Aldi were selling some a few weeks ago. I bought one at the time £10 or £12. Measures damp through two probes. Calibrate to 100 and then it measures as a percentage so you take readings from various points and use the 'dry' readings as a reference. Not sure whether you will still find them on sale if you have a local Aldi but worth a try.

JohnW


----------



## GerryD (Sep 20, 2007)

A proper damp meter will cost you dearly, possibly in excess of £100. Try someone like CPC.

http://cpc.farnell.com/

Gerry


----------



## jetski (Feb 18, 2007)

*damp meter*

try hss hire shops im sure they hire them out will check catalogue later


----------



## gromett (May 9, 2005)

I bought a pro one after my problem last year. If you are near me and want to pop by you are more than welcome to borrow it.

Regards
Karl


----------



## 100000 (Jul 11, 2006)

Hi Karl,
I live between Lincoln and Grantham thanks for the offer 
Cheers
[email protected]


----------



## superspud (Jan 15, 2006)

If you need a non evasive damp meter Axminster tools sell one . Its very expensive at £300 but its ideal for tracking the location of the damp.
WWW.axminster.co.uk


----------



## gromett (May 9, 2005)

The one I have is the Protimeter Mini, http://www.merlinlazer.com/Moisture-Meters

Karl


----------



## 91154 (May 1, 2005)

*Damp tester*

We bought a Draper Damp tester from a local DIY, easy to use definitely works, cost 15 GB pounds. Have been using it for past 3 years so have saved at least 5 x 75 pounds damp checks at Dealers.


----------



## teckie (Feb 25, 2007)

Hi... have a look here... I use the Rapitest and find it to be very good at the price.

Teckie

http://www.amazon.co.uk/s?ie=UTF8&k...tag=coffeeuk42249-21&index=tools&link_code=qs


----------



## grumpyman (Sep 24, 2006)

Take a look at this link i damaged the roof to my Van and the problems I had lasted 9 months. http://www.motorhomefacts.com/ftopicp-291248.html#291248
and this link but hope you do not have the same problems.
http://www.motorhomefacts.com/ftopicp-206029.html#206029


----------



## Broom (Oct 8, 2007)

Hi All

I bought one for checking Motorhome its better than the prong type, but a lot more expensive around £140.00, its a.

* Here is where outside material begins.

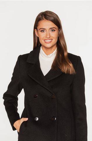 Klasyczny, dopasowany płaszcz zimowy marki Passero z kołnierzem i klapami, wykonany z mieszanki alpaki i wełny, idealnie podkreśla talię. Zapinany dwurzędowo na guziki, z bocznymi kieszeniami i rozporkiem z tyłu. Ocieplany, o długości przed kolano, wykończony podszewką. Elegancki i funkcjonalny wybór na chłodne dni.
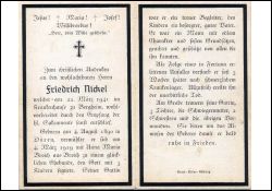 ∞ 4.3.1919 Anna Maria Broich aus Bedburg-Broich; 3 K.; verstarb nach Unfall in Fortuna nach 3 Wochen Krankenlager; Druck in Bedburg |

Moisture Meter Model CT33 and bought it from www.decoratingdirect.co.uk Tel. 01642 468900

I have no links with the company just a good piece of kit, I think they are made in Canada.

hope this helps

Best Regards
Broom


----------



## blondy (Aug 23, 2007)

My company used to do work for an organization owning many propertys.
If there was a damp problem I would meet up with the surveyer with his very expensive damp meter, I had a cheapo Rapitest meter, There was never any difference in the performance of the two meters, in fact they later used to often leave it to me to sort out problems.
cheers;


----------